Chemotherapy is the broad term used to describe
cancer treatment with any one or more of many different drugs.
Only some chemotherapeutic agents are known to result in infertility.
Not surprisingly, higher doses of the harmful agent are more likely
to result in toxic effects. Furthermore, combining different chemotherapy
agents that may induce infertility individually can potentiate
toxicity at a lower total dose. The class of drugs known as alkylating
agents has been most frequently implicated in reproductive system
compromise. Table 1 lists the chemotherapy agents known to affect
female fertility (Chabner & Longo, 2005).

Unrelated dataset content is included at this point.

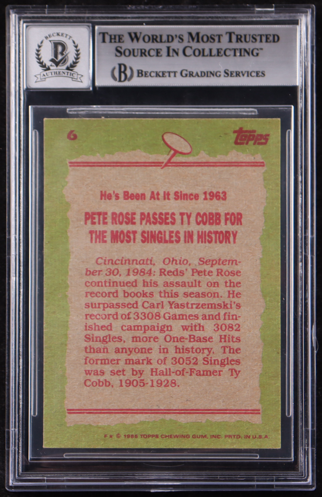 Pete Rose Signed 1985 Topps #6 RB (BGS Authentic | Autograph Graded BGS 10)

Radiation therapy delivered near the ovaries may
result in permanent infertility. Radiation to the pelvis, abdomen,
or spine often includes the ovaries and uterus within the treatment
port. Damage to the uterus from radiation therapy can lead to
increased rates of miscarriage, premature labor, and low birth
weight infants (Critchley, Bath, & Wallace, 2002). Total-body
irradiation, which is sometimes used in preparation for a bone
marrow transplant, always affects the ovaries. In contrast, radiation
administered to areas above or well below the pelvis has no effect
on ovarian function. Similar to chemotherapy, sterilizing effects
of radiation treatment are dependent on dose, the fractionalization
schedule, and patient age at the time of treatment. Even with
low doses of radiation, women over 40 years of age at the time
of treatment may have permanent ovarian failure (Wallace, Thomson,
& Kelsey, 2003). Significantly higher doses are needed to
induce ovarian failure in younger women and girls. However, 37
of 38 young girls treated for an intra-abdominal tumor with moderate
doses of abdominal external radiotherapy developed ovarian failure
(Wallace, Shalet, Crowne, Morris Jones, & Gattamaneni, 1989).
Specifically, 71% exhibited primary amenorrhea and the remainder
underwent POF at a median age of 23.5 years.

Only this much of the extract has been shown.